Trap Avoidance
Chris Miles
Sushil J. Louis
Rich Drewes
We use case injected genetic algorithms to learn to competently play computer strategy games. Such games are characterized by player decision in anticipation of opponent moves and imperfect knowledge of game state. Within the broad goal of developing effective and general methods of anticipatory play, this paper investigates anticipation in the context of trap avoidance in an immersive, 3D strike planning game. Case injection allows acquiring player knowledge from experience and incorporating acquired knowledge into future game play. Results show that with an appropriate representation case injection is effective at biasing the genetic algorithm toward producing plans that both avoid traps and carry out the mission effectively.
The computer gaming industry is now bigger than the movie industry and both gaming and entertainment drive research in graphics and modeling. Although AI research has in the past been interested in games like checkers and chess, popular computer games like starcraft and counter-strike are very different from chess and checkers. These games are situated in a virtual world, are asymmetrical, involve both long-term and reactive planning, and provide an immersive, fun experience. At the same time, we can pose many business, training, planning, and scientific problems as games where player decisions determine the final solution. A decision support system for a player in such games corresponds closely with a decision support system in the ``real'' world.

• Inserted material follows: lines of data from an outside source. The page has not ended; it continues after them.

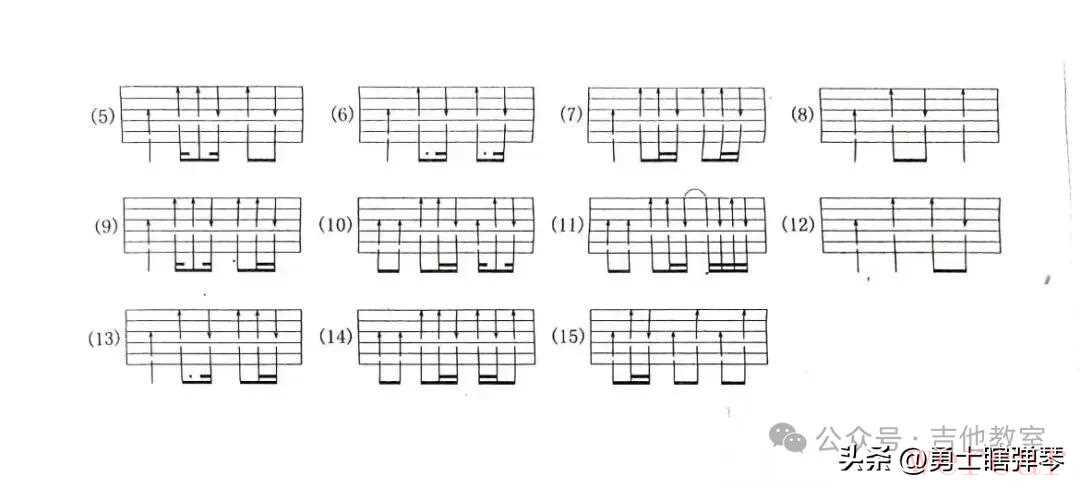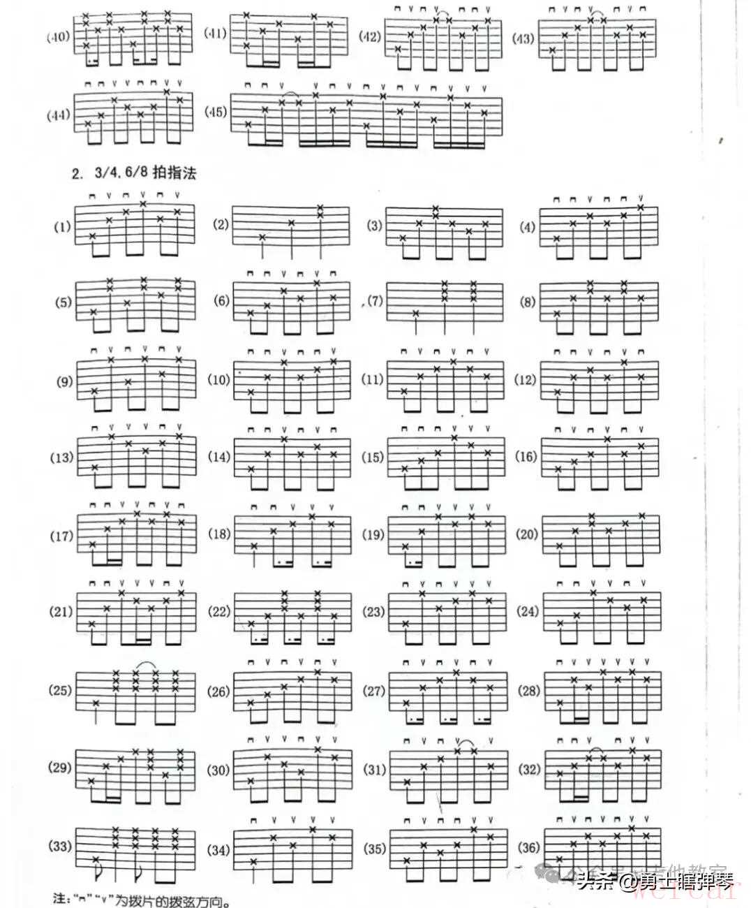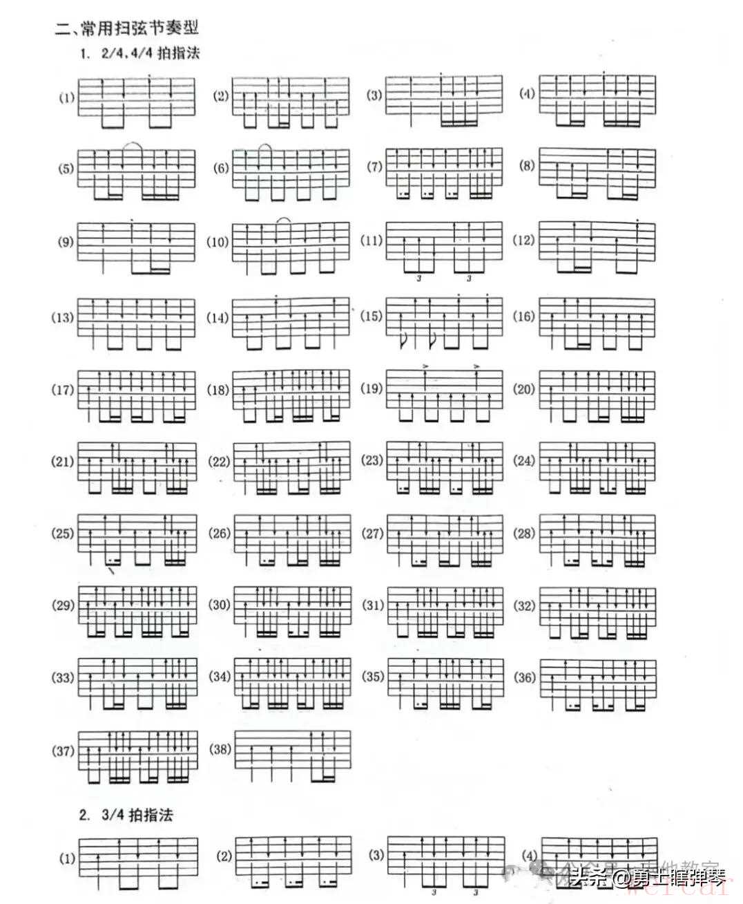 - (图:常用扫弦节奏型与分解节奏型总汇图表)
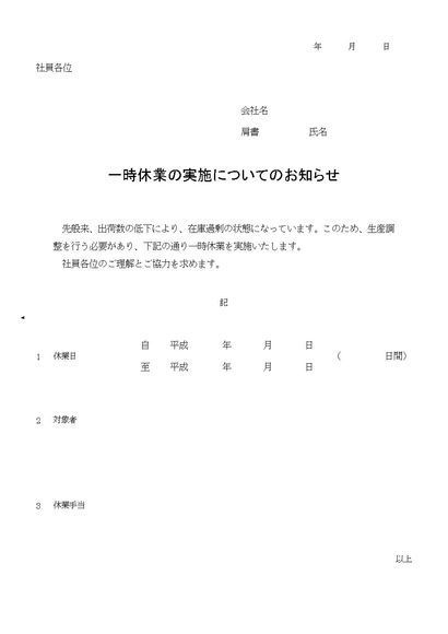 一時休業発表文
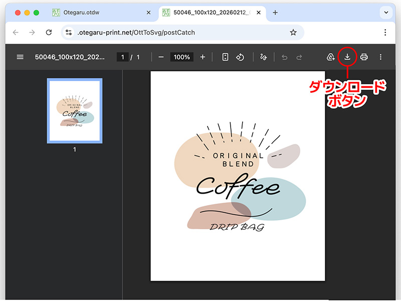 ※ブラウザの初期設定では保存先が「ダウンロード」ファイル、ファイル名が「Otegaru.otdw」で保存されます。
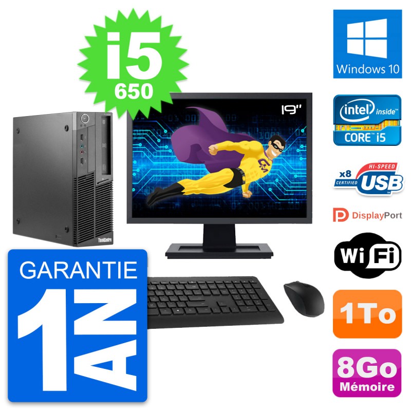 PC Lenovo M90 SFF - Intel Core i5-650 3.2 Ghz (4 Mo) - 8 Go DDR3 - Disque Dur 3,5" 1 To - Graveur DVD - Clef Wifi USB - Windows 10 - Livré avec Ecran 19" + clavier + souris (Marques et modèles variables) - Garantie 1 an.

This paper applies a case-injected genetic algorithm that combines genetic algorithms with case-based reasoning to provide player decision support in the context of domains modeled by computer games [1]. The genetic algorithm ``plays'' the game by attempting to solve the underlying decision problem. Specifically, we develop and use a strike force asset allocation game, which maps to a broad category of resource allocation problems in industry, as our test problem. Strike force planning consists of allocating a collection of strike assets on flying platforms to a set of targets and threats on the ground. The problem is dynamic; weather and other environmental factors affect asset performance, unknown threats can popup, and new targets can be assigned. These complications as well as the varying effectiveness of assets on targets make the problem suitable for genetic and evolutionary computing approaches.

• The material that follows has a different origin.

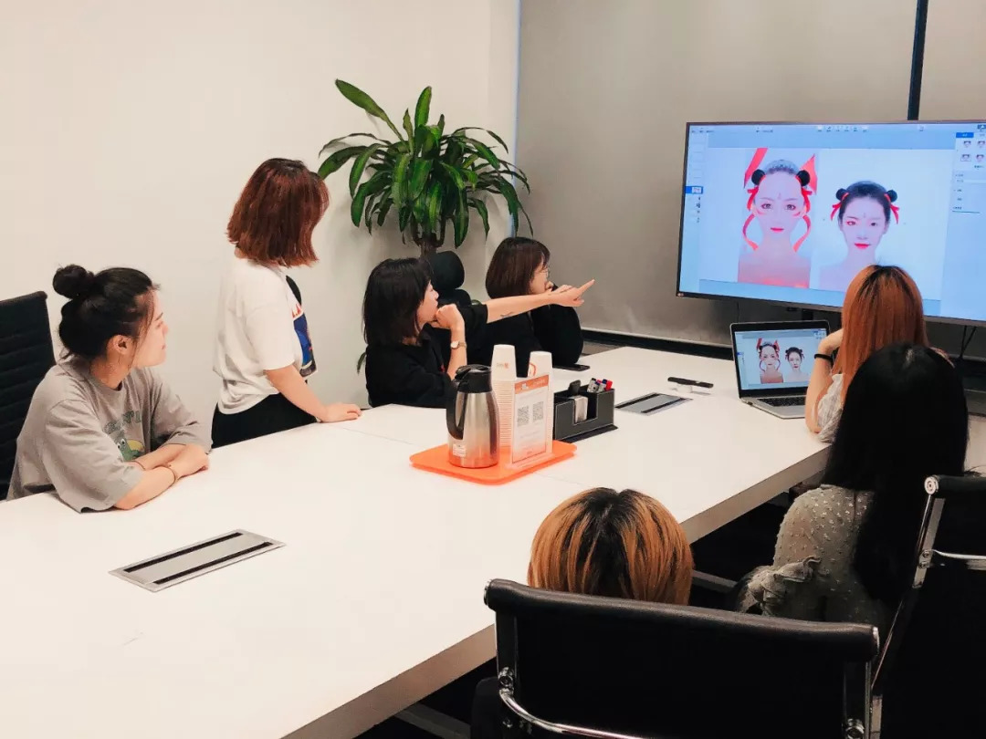 一甜相机团队正进行一场头脑风暴,对一甜相机的贴纸、滤镜做版本更新

The idea behind a case-injected genetic algorithm is that as the genetic algorithm component iterates over a problem it selects members of its population and caches them (in memory) for future storage into a case base. Cases are therefore members of the genetic algorithm's population and represent an encoded candidate solution to the problem at hand. Periodically, the system injects appropriate cases from the case base, containing cases from previous attempts at other problems, into the evolving population replacing low fitness population members. When done with the current problem, the system stores the cached population members into the case base for retrieval and use on new problems
Case injection is used to handle the dynamic nature of the game which places a premium on re-planning or re-allocation of assets when needed. We have shown that case-injected genetic algorithms learn to increase performance with experience at solving similar problems [1,2,3,4,5]. This implies that a case-injected genetic algorithm should quickly produce new plans (a new allocation) in response to changing game dynamics. Beyond purely responding to immediate scenario changes we use case injection in order to produce plans that anticipate opponent moves in the future. Doing this teaches our Genetic Algorithm Player (GAP) where traps are likely to occur, so that GAP acts in anticipation of changing game states. Specifically we try to influence GAP to produce plans that avoid areas similar to those in which it has encountered traps in the past. The scenario being used in this paper is simple so that we know the optimum and can better analyze results. We have found that the system works well on more complicated scenarios. Our results show that GAP makes an effective Blue player with the ability to quickly replan to deal with changing game dynamics, and that case-injection can bias GAP to produce solutions that are suboptimal with respect to the game simulation's evaluation function but that avoid potential traps.
In the rest of the paper we define the game, the particular scenario being played, and the trap being encountered. We outline GAP's architecture; detailing the use of genetic algorithms, the encoding of strategy, the routing system, and the incorporation of case injection. Section 6 presents results showing that GAP can effectively play the game in the absence of the trap, and that GAP can quickly re-plan in the face of changing game dynamics. Preliminary results also show the effectiveness of case injection in acquiring and using player knowledge in learning to avoid traps. The last section presents our conclusions and directions for future work.
The strike planning game is based on an underlying resource allocation and routing problem and the genetic algorithm plays by solving the underlying problem. Our game involves two sides: Blue and Red, both seeking to allocate their respective resources to minimize damage received while maximizing the effectiveness of the strike.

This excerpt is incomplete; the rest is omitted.